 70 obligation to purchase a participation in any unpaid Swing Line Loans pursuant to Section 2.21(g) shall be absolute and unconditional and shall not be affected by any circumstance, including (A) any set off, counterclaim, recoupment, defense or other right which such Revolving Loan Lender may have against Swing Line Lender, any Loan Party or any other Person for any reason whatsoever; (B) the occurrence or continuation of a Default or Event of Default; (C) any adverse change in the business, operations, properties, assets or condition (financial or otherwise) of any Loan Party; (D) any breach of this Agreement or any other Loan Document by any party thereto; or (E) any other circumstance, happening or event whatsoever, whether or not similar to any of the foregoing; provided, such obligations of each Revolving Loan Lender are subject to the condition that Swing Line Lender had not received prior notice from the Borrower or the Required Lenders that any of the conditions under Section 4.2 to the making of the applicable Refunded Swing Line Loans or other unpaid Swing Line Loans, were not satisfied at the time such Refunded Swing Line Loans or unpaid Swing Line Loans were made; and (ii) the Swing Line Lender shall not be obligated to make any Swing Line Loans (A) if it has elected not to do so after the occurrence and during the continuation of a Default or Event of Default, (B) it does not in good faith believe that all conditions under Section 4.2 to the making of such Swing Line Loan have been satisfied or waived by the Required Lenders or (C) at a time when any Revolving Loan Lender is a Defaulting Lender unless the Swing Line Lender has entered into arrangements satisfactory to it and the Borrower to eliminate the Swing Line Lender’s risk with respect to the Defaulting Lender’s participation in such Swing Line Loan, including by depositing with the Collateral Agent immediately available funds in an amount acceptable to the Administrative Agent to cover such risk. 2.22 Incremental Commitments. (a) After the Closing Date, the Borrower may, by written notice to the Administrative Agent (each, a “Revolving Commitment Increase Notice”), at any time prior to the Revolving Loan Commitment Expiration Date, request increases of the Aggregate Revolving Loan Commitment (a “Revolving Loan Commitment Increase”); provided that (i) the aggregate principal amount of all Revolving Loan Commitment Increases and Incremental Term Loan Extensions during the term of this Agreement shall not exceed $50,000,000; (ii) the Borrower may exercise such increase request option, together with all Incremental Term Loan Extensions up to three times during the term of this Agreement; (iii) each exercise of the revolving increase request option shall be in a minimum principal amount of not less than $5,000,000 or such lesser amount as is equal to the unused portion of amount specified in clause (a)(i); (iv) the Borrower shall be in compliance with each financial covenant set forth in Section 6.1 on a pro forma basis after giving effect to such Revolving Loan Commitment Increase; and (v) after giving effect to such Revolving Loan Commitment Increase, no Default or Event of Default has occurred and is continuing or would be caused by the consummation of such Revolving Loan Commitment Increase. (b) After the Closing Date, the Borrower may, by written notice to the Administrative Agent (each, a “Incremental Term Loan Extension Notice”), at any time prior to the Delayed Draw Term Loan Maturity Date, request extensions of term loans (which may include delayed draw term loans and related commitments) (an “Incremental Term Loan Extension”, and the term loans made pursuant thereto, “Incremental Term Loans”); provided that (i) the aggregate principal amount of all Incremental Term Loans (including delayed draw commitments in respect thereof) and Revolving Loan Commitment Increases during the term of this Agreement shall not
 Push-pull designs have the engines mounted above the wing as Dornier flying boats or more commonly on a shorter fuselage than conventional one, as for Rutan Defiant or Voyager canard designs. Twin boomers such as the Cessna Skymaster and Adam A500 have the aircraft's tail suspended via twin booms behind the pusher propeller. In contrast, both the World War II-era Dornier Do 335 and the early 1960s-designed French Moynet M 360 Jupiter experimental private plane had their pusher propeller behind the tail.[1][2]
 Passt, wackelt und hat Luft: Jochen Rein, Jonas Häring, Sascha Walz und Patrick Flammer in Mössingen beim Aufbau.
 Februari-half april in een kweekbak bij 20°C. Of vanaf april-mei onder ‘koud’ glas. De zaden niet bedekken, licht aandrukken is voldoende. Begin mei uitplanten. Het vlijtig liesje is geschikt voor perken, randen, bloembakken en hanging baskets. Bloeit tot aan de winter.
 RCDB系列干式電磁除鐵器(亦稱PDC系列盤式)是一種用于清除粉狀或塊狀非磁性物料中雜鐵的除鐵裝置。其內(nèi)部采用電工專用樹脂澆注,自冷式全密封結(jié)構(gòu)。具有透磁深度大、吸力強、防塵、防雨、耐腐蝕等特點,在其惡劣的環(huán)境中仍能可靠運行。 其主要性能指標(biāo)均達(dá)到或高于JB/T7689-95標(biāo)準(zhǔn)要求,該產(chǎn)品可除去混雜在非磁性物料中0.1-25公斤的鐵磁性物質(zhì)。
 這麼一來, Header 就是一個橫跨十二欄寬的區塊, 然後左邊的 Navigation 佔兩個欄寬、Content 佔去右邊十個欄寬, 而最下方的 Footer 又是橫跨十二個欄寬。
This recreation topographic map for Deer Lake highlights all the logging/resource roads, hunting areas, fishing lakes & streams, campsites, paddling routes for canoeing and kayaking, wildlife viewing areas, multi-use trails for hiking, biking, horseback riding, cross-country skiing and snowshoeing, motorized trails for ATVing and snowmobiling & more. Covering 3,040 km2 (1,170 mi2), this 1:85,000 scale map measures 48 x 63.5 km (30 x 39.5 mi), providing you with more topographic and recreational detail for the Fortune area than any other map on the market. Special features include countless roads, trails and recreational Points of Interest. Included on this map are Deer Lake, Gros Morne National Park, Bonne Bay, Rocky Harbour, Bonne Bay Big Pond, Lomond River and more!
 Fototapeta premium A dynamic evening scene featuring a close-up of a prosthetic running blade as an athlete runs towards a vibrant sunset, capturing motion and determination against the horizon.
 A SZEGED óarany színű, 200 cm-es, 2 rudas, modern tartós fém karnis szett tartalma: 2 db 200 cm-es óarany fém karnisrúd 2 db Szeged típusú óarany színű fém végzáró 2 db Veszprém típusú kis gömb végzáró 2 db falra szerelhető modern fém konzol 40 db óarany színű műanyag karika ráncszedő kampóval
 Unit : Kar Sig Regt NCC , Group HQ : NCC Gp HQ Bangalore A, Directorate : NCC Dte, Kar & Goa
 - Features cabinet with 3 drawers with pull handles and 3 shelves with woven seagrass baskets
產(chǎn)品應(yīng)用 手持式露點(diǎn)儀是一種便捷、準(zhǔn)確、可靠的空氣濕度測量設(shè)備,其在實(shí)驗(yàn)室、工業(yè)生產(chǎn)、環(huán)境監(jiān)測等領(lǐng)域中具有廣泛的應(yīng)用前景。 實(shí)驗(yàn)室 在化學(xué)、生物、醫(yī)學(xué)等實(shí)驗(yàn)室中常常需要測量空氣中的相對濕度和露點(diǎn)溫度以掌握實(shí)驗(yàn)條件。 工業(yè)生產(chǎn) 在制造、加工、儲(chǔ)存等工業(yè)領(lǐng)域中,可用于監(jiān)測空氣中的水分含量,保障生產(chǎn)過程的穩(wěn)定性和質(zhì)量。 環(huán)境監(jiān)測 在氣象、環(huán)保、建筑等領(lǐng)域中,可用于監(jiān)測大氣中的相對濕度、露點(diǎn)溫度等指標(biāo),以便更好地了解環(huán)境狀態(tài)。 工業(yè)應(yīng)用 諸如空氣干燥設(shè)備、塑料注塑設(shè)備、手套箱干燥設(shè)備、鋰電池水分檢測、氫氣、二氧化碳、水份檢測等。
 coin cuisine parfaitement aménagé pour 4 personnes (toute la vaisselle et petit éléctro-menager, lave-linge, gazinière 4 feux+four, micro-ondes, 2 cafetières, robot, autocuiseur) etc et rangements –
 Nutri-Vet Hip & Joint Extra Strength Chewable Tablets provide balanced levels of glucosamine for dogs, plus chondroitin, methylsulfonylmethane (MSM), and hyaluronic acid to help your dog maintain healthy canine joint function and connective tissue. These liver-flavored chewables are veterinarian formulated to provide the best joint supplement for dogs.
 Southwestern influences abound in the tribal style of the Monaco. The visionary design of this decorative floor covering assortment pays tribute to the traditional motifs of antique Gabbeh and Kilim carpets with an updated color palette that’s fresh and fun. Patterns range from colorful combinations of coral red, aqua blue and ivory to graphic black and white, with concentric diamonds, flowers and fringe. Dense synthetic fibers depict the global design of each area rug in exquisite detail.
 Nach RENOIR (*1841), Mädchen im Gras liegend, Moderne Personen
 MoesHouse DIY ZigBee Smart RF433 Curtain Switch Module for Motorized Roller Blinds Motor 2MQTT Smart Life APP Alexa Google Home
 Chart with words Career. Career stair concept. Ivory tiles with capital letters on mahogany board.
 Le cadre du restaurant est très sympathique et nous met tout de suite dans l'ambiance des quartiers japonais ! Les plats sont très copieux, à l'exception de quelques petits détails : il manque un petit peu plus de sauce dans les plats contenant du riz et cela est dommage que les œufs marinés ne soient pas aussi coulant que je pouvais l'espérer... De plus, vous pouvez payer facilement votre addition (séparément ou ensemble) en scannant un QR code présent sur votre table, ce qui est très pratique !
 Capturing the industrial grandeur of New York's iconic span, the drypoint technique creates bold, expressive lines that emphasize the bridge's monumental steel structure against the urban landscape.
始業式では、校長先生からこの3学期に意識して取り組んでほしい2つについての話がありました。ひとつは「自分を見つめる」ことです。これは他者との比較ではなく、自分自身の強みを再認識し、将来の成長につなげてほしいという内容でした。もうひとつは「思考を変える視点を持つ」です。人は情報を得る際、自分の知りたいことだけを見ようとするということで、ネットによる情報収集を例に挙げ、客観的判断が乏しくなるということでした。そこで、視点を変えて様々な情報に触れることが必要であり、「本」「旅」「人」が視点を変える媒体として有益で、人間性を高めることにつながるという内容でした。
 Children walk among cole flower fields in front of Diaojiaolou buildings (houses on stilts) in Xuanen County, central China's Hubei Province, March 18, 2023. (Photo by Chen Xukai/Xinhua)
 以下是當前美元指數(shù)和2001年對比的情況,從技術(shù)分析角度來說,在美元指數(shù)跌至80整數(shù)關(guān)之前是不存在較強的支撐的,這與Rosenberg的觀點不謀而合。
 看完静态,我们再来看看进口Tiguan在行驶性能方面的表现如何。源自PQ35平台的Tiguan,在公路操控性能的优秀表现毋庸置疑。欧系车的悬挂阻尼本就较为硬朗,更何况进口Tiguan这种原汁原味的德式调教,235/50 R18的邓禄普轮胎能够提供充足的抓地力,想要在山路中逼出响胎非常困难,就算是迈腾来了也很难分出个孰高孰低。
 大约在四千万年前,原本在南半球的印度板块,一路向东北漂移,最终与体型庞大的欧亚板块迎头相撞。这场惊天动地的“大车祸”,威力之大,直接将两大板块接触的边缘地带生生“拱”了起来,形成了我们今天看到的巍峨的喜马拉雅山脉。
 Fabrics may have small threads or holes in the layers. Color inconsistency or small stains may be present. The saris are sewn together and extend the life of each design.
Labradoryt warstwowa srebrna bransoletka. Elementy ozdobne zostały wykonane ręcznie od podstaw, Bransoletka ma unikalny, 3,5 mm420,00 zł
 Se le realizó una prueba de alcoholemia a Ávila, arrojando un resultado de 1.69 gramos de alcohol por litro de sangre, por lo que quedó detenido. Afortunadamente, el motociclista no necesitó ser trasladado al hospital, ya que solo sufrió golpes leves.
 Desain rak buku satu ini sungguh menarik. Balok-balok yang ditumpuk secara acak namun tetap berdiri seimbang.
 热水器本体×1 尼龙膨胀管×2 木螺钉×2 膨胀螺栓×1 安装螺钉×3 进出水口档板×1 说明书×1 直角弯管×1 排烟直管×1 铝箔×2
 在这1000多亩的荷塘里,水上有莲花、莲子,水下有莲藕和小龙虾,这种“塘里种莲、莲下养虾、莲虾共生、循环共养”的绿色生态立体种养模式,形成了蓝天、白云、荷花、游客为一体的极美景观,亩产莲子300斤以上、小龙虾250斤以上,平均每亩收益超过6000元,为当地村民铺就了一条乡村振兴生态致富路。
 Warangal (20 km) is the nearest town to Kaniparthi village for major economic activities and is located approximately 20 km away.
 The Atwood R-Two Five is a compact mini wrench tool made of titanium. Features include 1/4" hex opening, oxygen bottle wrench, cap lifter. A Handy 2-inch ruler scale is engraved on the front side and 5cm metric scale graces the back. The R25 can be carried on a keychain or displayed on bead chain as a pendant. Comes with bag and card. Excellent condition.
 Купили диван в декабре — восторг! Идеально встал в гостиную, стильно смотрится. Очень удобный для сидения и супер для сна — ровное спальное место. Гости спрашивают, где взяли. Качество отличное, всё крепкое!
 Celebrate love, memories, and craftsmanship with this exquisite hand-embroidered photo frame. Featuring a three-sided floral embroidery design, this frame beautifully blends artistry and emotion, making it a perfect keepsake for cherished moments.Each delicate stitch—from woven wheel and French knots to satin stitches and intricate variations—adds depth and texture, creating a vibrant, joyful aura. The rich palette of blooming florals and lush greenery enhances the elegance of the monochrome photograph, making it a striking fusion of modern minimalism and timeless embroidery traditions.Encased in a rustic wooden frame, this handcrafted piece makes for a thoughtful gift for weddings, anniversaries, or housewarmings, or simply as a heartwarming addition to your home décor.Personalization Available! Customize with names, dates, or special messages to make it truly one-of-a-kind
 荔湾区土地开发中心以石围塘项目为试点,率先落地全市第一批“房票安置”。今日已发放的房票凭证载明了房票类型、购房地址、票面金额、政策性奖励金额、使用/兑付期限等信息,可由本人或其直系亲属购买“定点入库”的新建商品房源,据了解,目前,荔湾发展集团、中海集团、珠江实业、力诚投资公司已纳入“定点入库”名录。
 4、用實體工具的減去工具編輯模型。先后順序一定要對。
* * * *
TO DO:
What you return must be the lines above that run from the line with "以下是當前美元指數(shù)" to the line with "Warangal (20 km)", inclusive, each copied exactly.

EXERCISE RESPONSE:
 以下是當前美元指數(shù)和2001年對比的情況,從技術(shù)分析角度來說,在美元指數(shù)跌至80整數(shù)關(guān)之前是不存在較強的支撐的,這與Rosenberg的觀點不謀而合。
 看完静态,我们再来看看进口Tiguan在行驶性能方面的表现如何。源自PQ35平台的Tiguan,在公路操控性能的优秀表现毋庸置疑。欧系车的悬挂阻尼本就较为硬朗,更何况进口Tiguan这种原汁原味的德式调教,235/50 R18的邓禄普轮胎能够提供充足的抓地力,想要在山路中逼出响胎非常困难,就算是迈腾来了也很难分出个孰高孰低。
 大约在四千万年前,原本在南半球的印度板块,一路向东北漂移,最终与体型庞大的欧亚板块迎头相撞。这场惊天动地的“大车祸”,威力之大,直接将两大板块接触的边缘地带生生“拱”了起来,形成了我们今天看到的巍峨的喜马拉雅山脉。
 Fabrics may have small threads or holes in the layers. Color inconsistency or small stains may be present. The saris are sewn together and extend the life of each design.
Labradoryt warstwowa srebrna bransoletka. Elementy ozdobne zostały wykonane ręcznie od podstaw, Bransoletka ma unikalny, 3,5 mm420,00 zł
 Se le realizó una prueba de alcoholemia a Ávila, arrojando un resultado de 1.69 gramos de alcohol por litro de sangre, por lo que quedó detenido. Afortunadamente, el motociclista no necesitó ser trasladado al hospital, ya que solo sufrió golpes leves.
 Desain rak buku satu ini sungguh menarik. Balok-balok yang ditumpuk secara acak namun tetap berdiri seimbang.
 热水器本体×1 尼龙膨胀管×2 木螺钉×2 膨胀螺栓×1 安装螺钉×3 进出水口档板×1 说明书×1 直角弯管×1 排烟直管×1 铝箔×2
 在这1000多亩的荷塘里,水上有莲花、莲子,水下有莲藕和小龙虾,这种“塘里种莲、莲下养虾、莲虾共生、循环共养”的绿色生态立体种养模式,形成了蓝天、白云、荷花、游客为一体的极美景观,亩产莲子300斤以上、小龙虾250斤以上,平均每亩收益超过6000元,为当地村民铺就了一条乡村振兴生态致富路。
 Warangal (20 km) is the nearest town to Kaniparthi village for major economic activities and is located approximately 20 km away.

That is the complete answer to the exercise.